Upon inspection of the environment I am supposed to work on, I have found hosts that were once part of a vSAN cluster but were not properly cleaned up prior to ESXi rebuild.

The vSAN clean up process involves the following steps:

  1. Set host in Maintenance Mode
  2. Delete Disk Group(s)
    • This removes vSAN partitions as well
  3. Remove host from vSAN cluster
  4. Clean up network
  5. Remove from vCenter

As previously mentioned, I usually get called in after the vCenter is gone and hosts have been re-imaged. Now what?!?!

The steps to manually clean the hosts involve the following tasks:

Delete Disk Groups via CLI

Since we do not have access to vCenter in this case, we can delete the Disk Group via CLI using esxcli commands.

You can remove the disks by specifying the ssd cache device to remove that device and all backing capacity devices, or you can do it one device at a time by using the device’s uuid.

To remove the devices one a time you can use vdq -q command to list the devices and then use esxcli vsan storage remove -u <uuid>. I prefer the other method since it is a lot faster…

  • List devices by using vdq -i

  • Run esxcli vsan storage remove -s <cache device>
  • In this case we will run this command for naa.55cd2e404b66fcbb and naa.55cd2e404b4393b9

 

Now What?!?!

Now that we have deleted the disk groups, we need to make sure that the host doesn’t think it is still part of a vSAN cluster.

Remove Host from vSAN Cluster via CLI

  • Check vSAN cluster membership
    • esxcli vsan cluster get
  • If it belongs to a cluster, remove it
    • esxcli vsan cluster leave

Clean up Network configuration

Since the hosts were re-imaged, this should be all set to default, but in case this was not cleaned up, or was manually re-created, you can clean it up by resetting the configuration.

The following command resets the root, password, overrides all the network configuration changes, and reboots the host. Don’t do this unless you are planning to reset the host to default… You’ve been warned.

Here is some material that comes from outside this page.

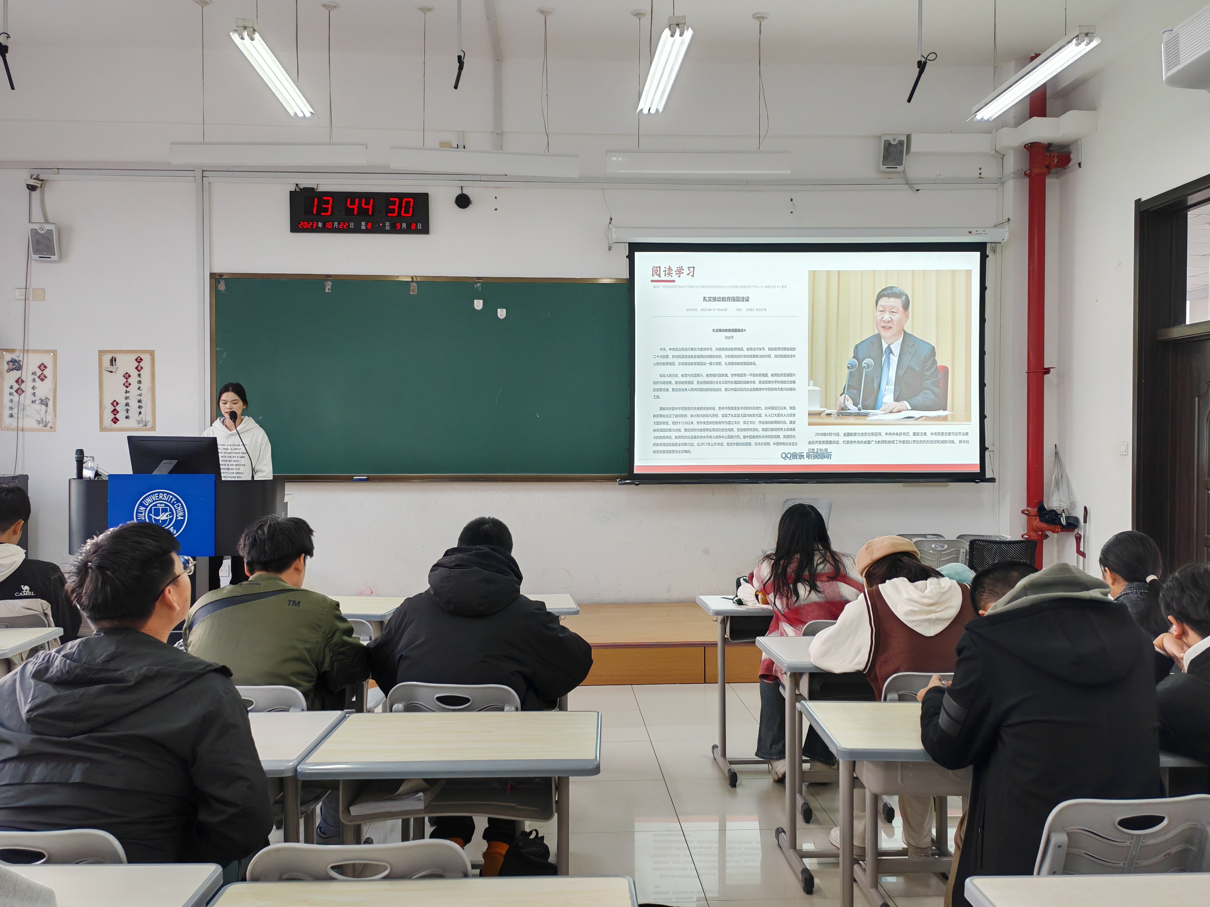 本次团日活动以线下形式开展。首先,团支书带领全体同学阅读学习了“最新论述”中的文章《扎实推动教育强国建设》。教育兴则国家兴,教育强则国家强。世界强国无一不是教育强国,教育始终是强国兴盛的关键因素。在阅读学习《扎实推动教育强国建设》过程中,同学们都认真阅读并仔细思考。
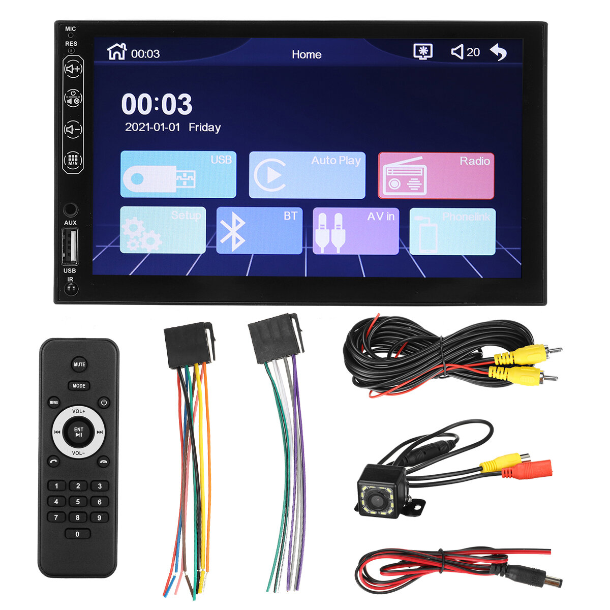 Description: 2 din carplay MP5 player head unit.7 inch TFT capacitive touch screen. 1080P high definition video format. Multicolor backlight button effect. Carplay functions for IOS phone. Wired Auto functions for Android phone. Wired Mirror link. AM,FM radio. Aux-in audio input. USB,TF card input. bluetooth 5.0 handsfree. Support audio format: FLAC,APE,WAV,MP3,WMA. Support video format: AVI,MP4,MKV,RM,RMVB,3GP. Support RCA audio output. Support reverse camera input. Supports steering wheel control functions. Support video input and video output. Languages: English , Chinese , Arabic , Turkish , Russian , Hebrew , Thai , German , French , Portuguese , Spanish , Italian , Indonesian

/bin/firmwareConfig.py –reset

 

At this point, you can use the cleaned host to either join a new vSAN cluster, commission a host in VCF SDDC Manager, or use it as part of the VCF bring up process for the Management Domain.

 

@GreatWhiteTec

Lab ESXi err_cert_revoked in Chrome

I recently deployed a new lab and encountered an error from Chrome – err_cert_revoked. Usually I click through the Chrome warnings and accept moving forward in “unsafe” mode.

However, there was no option to continue. The error supplied indicated “You cannon visit <yoursite.com” right now because this certificate has been revoked…”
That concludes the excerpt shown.